There it is, I bet you weren’t expecting that. It’s pretty exciting, I’ll bet you’ve never even seen this anywhere. This is a novel infrastructure and it’s also very detailed, as you can see. Now all of this is true as of today, this is absolutely true. But, half of it didn’t exist when we started, and adding in these new technologies as they came out was a challenge for the infrastructure team, it also had to deliver working software. You know we had to keep Atlas working even as we were introducing Nomad.

So, you’ll see that come in as we kind of dig into the more nitty gritties. I think the other thing about this, I really love this view, I think it can cause your eyes to gloss over a little bit. So, one of the things I want to show you is that the infrastructure that we’re running at HashiCorp is very similar to the infrastructure that you’re running in your shops. We’re not doing anything special, I’ll show you.

Atlas, now Terraform Enterprises, is at it’s core, it’s got a Rails app in it. When we started it, we kind of analyzed the GoWeb ecosystem and said it’s not ready. We had done a lot of pioneering in the Go tooling ecosystem, a lot of Mitchell H and Armon libraries exist in the Go community because they were early in to Go Web.

We looked at the web ecosystem and said we need to get a product out the door, so we had expertise in Rails, we knew Rails was a safe bet, and that’s where the core of the web application that sits inside Terraform Enterprises is. Now that’s served by a cluster of Go services, about a dozen of them. I’ll actually put them all up on a slide in a second, and restores its data in post-stress MS-3 primarily.

So, nothing exciting there, and I think that’s one of the things that has been so funny to me about people who want to hear how HashiCorp does things. It’s like we have really great sort of marketing materials about the tools that we make and the way that we use them. But at the end of the day we’re not this church of perfect software. We are doing real work here. We have a group inside of HashiCorp that is using our software, but it’s using it to do just a normal pretty standard web application.

So, if you’ll take a look at the pipelines, so how do we actually get work done? There also going to look very familiar. For our machine images, we store Packer configs and GitHub. We actually use puppet to provision our images to install sort of the base level of software. This puppet step was actually baking on the applications until Nomad came around.

So, we were doing something like image based rolling, and pretty straight forward, nothing special. When we started, Terraform didn’t exist, so we did start with Cloud formation. It was interesting, until Terraform import was a thing, we actually had some old resources kind of hidden in the corner of the infrastructure that we began importing slowly, by like manually hand editing the JSON file of the Terraform stay file. We said, you know, this should probably be a feature.
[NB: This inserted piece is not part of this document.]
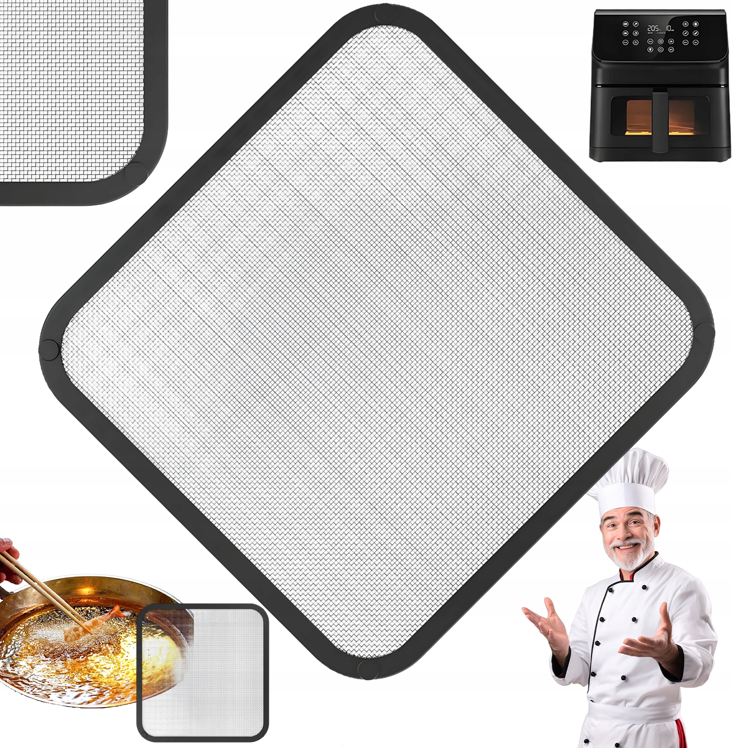 Цей силіконовий захист від бризок є екологічно чистим, міцним і придатним для багаторазового використання. Попрощайтеся з одноразовою харчовою плівкою та виберіть цей екологічно чистий продукт, який не тільки захищає вашу фритюрницю, але й полегшує очищення. Це ідеальний силіконовий аксесуар для формування вашої аерофритюрниці.

So, we use Terraform, Stored and GitHub, those configs, take those images and launch them into your instances. Auto scaling groups of instances are behind the LBs, I’m not going to show you the sort of AWS diagram because it is that boring, you can picture it yourself. One of the things that has been really exciting about the private installations, is it’s forced us to be more transparent about our architecture. So, it’s a little bit low on the slide, but the Terraform Enterprise modules repository is our deliverable for private Terraform Enterprises. We just delivered Terraform machine images with your account. In that repository is a bunch of documentation about the internals of Terraform Enterprises. This is the whole thing, so it’s not that huge of an application, this is a data flow diagram so it’s kind of focused on the way that data is pushed through the system.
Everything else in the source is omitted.